C’étaient trois chevaliers d’une telle valeur que peu d’autres valaient plus qu’eux au monde. C’étaient eux que Bradamante avait vus le jour même à côté de l’ambassadrice d’Islande, et qui s’étaient vantés de rapporter de France dans leur pays l’écu d’or. Ayant pressé plus vigoureusement leurs chevaux, ils étaient arrivés avant Bradamante.
Peu de chevaliers étaient meilleurs qu’eux sous les armes. Mais Bradamante espère bien qu’elle sera du nombre de ceux-là, car elle entend ne point passer la nuit dehors, ni rester à jeun. Les habitants du château, placés aux fenêtres et dans les galeries, regardaient la joute à la lumière que projetait la lune malgré de nombreux nuages, et bien que la pluie fût abondante.
De même que l’amant bien épris, sur le point d’entrer dans la chambre où il espère commettre de doux larcins, sent son cœur battre de plaisir quand il entend, après une longue attente, glisser doucement le verrou, ainsi Bradamante, désireuse de se mesurer avec les chevaliers, se réjouit en entendant les portes s’ouvrir, et en voyant les trois guerriers franchir le pont et sortir du château.
Aussitôt qu’elle les a vus franchir le pont et sortir tous les trois à peu d’intervalle les uns des autres, elle tourne bride pour prendre du champ, et revient chassant à toute bride son bon cheval, et tenant en arrêt la lance que lui donna son cousin et avec laquelle on ne joute jamais en vain, car tout guerrier touché par elle, fût-il Mars lui-même, doit être forcément jeté hors de selle.

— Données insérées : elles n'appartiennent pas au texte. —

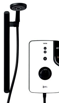
Back To Wall Kit Thermostatic Electric Shower GEEHRB81

Le roi de Suède, qui s’avança le premier, fut aussi le premier jeté à terre, tellement fort fut le coup porté sur son casque par la lance qui ne fut jamais baissée en vain. Le roi de Gothie fournit la seconde course, et se retrouva en un clin d’œil, les jambes en l’air, loin de son destrier. Le troisième resta culbuté sens dessus dessous dans l’eau bourbeuse du fossé.
Après les avoir, en trois coups, fait voltiger les pieds en l’air et la tête en bas, Bradamante se dirige vers le château où elle doit recevoir l’hospitalité pendant la nuit ; mais, avant de lui livrer passage, elle trouve quelqu’un qui lui fait jurer qu’elle sortirait à chaque fois qu’elle serait appelée à jouter par de nouveaux arrivants. Le châtelain, qui a été témoin de sa vaillance, la reçoit avec grand honneur.
Il en est de même de la dame qui était venue le soir même en compagnie des trois chevaliers, envoyée, ainsi que je l’ai dit, de l’Ile Perdue en ambassade au roi de France. Elle se lève et, en femme gracieuse et affable qu’elle était, elle vient au-devant de Bradamante qui la salue courtoisement, la prend par la main, et la conduit près du feu.
Bradamante, commençant de se désarmer, avait déjà déposé son écu et retiré son casque, lorsqu’en ôtant ce dernier, elle fit tomber une coiffe d’or dans laquelle elle retenait à plat ses longs cheveux. Ceux-ci tombèrent épars le long de ses épaules qu’ils couvrirent entièrement, et la firent connaître pour une damoiselle aussi belle de visage que fière sous les armes.
De même qu’au lever du rideau, la scène apparaît étincelante de mille lumières qui se reflètent sur les arceaux, les palais superbement dorés et remplis de statues et de peintures ; ou de même que le soleil, s’échappant d’une nuée, découvre sa face limpide et sereine, ainsi la dame, en ôtant son casque, semble entr’ouvrir le paradis.
Déjà ses beaux cheveux que son frère avait coupés autrefois, ont repoussé, et bien qu’ils ne fussent pas encore revenus à leur état primitif, ils étaient assez longs pour qu’elle pût les nouer par derrière la tête. Le châtelain de la Roche la reconnaît aussitôt pour Bradamante, car il l’avait vue bien d’autres fois, et plus que jamais il la comble de prévenances, et lui témoigne son estime.